There are a number of clues that tell you, at a glance, if a home is formal or casual: an open great room or a compartmentalized living room; a dedicated dining room or an eating area off the kitchen. But there are subtle differences, too. For example, in an effort to create separation, a formal space incorporates many more hallways than one that’s informal. A delineated foyer establishes a more ceremonious entry than a doorway that leads right into the great room. These types of elements will set the tone for your entire home.  

3. Visualize your home.

Imagine yourself living in each room of your house. How will it look and feel? What will you see in front, behind, above and below? What sounds will you hear? To clearly convey that picture in your mind’s eye, give your designer a notebook of clippings (or images saved to your computer or tablet) of homes and features that speak to you, so he’ll have an idea of what you want your home to look like and an indication of the quality you expect.  

4. Chart your lifestyle.

Consider your family makeup (adults only, adults and kids, aging parents), how you live (formal or casual, hectic or relaxed) and whether you like to entertain or have hobbies that require dedicated areas.  

5. Size things up.

Bigger isn’t always better, but it does always cost more. Before you waste space on square footage you really don’t need, make sure the number, type and size of rooms reflect what will take place in them. Think of your rooms in terms of activities: Instead of “kitchen” and “living room,” think “cooking” and “family time.” The current trend in custom housing is to reduce square footage by as much as 30 percent and reallocate the money into higher-quality materials.  

6. Map out a plan.

Identify access points for vehicles and pedestrians, then within those boundaries, determine the shape of the house and direction it will face. Use your list of activities to position rooms. Start by breaking down your list into private and communal activities and identifying where each one should take place. Then use bubbles to represent rooms and group them according to where you’d prefer they be positioned. Finally, square off the bubbles to create a rough floor plan, adding enough space for walls.  

7. Account for extras.

Architectural components are integral to your home, but they can hog space and cost money, so don’t forget to figure them into your budget. Some popular elements: large windows with window seats, massive trusses, dormers and hipped or gabled roofs.  

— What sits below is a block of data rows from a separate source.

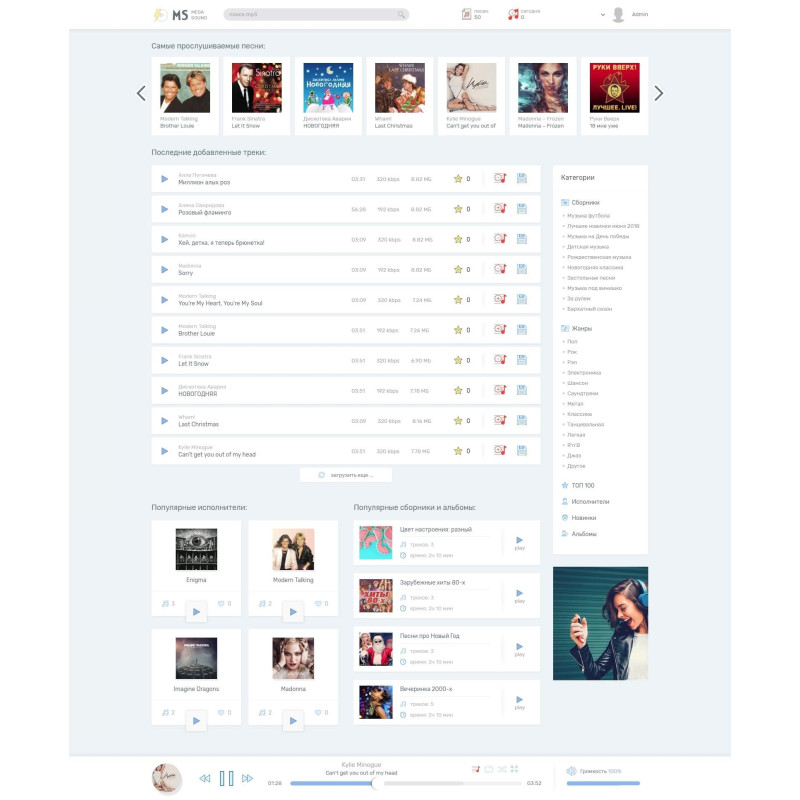 • Тематика: музыкальный портал (онлайн музыка, альбомы, артисты).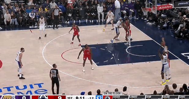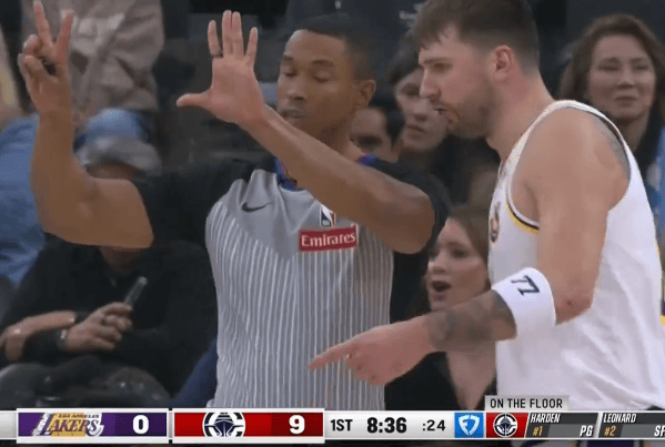 东契奇高难度出手命中打进第2球,湖人首节15-28落后快船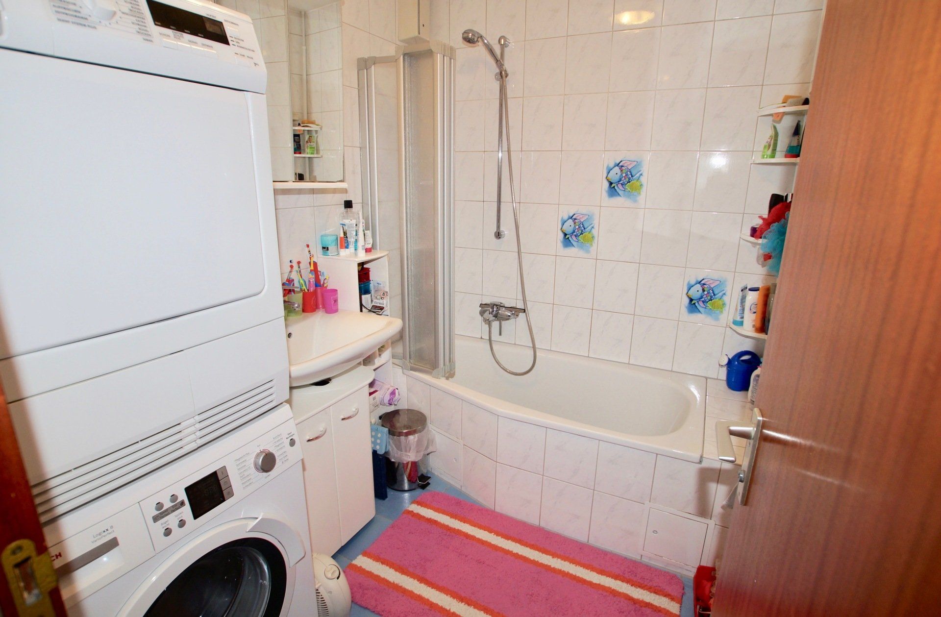 Das Bad mit Badewanne, Waschbecken und Waschmaschinenanschluss und das separate WC sind zeitlos hell gefliest.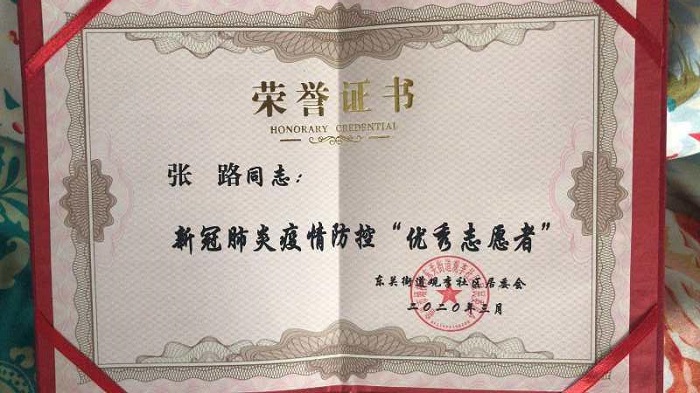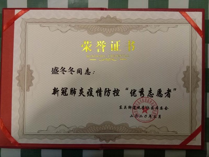 众的生命健康安全筑起“防护墙”,获评疫情防控优秀志愿者。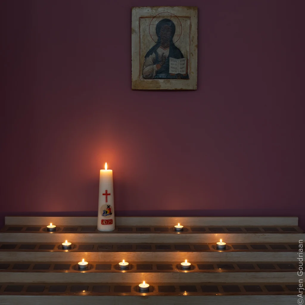 Verstild(Klik, of tik op een tegel voor een grotere foto)Gedachtenishoekje in kerk, met brandende Paaskaars en enkele waxinelichtjes.Hoge treurwilg bij slotgracht van ruïne van Egmond.Blik in de Basiliek van Oudenbosch.

8. Create invisible boundaries.

If you’re like most people, a large, open great room is a given in your timber home. But it’s what you do with that vast space that determines how comfortable it will be for you and your family. The secret is to create visual cues that let your mind reconcile how each space will be used. Varying ceiling heights, bump outs or staggering floor heights are a few ways to delineate spaces without walls.  

9. Compromise … sometimes.

If you can’t afford everything you want, make cuts that work for your lifestyle, whether it’s shaving off square footage or minimizing special features. But be careful about sacrificing quality — particularly when it comes to your building envelope. Never skimp on things like windows, doors, roofing materials or insulation. These elements will affect your long-term satisfaction with your home and potentially cost you much more money down the line in terms of energy bills.  

10. Customize a stock plan.

When you start looking at timber home providers, you’ll find that most of them offer catalogs of dozens, if not hundreds, of plans. Instead of starting from scratch, peruse these plans, then tweak to fit your lifestyle and home site. This is a great way to save time and money.  

11. Talk it out.

Professional advice is crucial throughout the entire home-building process, but this is your home, so make sure you discuss every suggestion thoroughly. And don’t be afraid to get a second opinion if you have concerns. You’ll want to work with someone who’s as excited about creating your dream home as you are.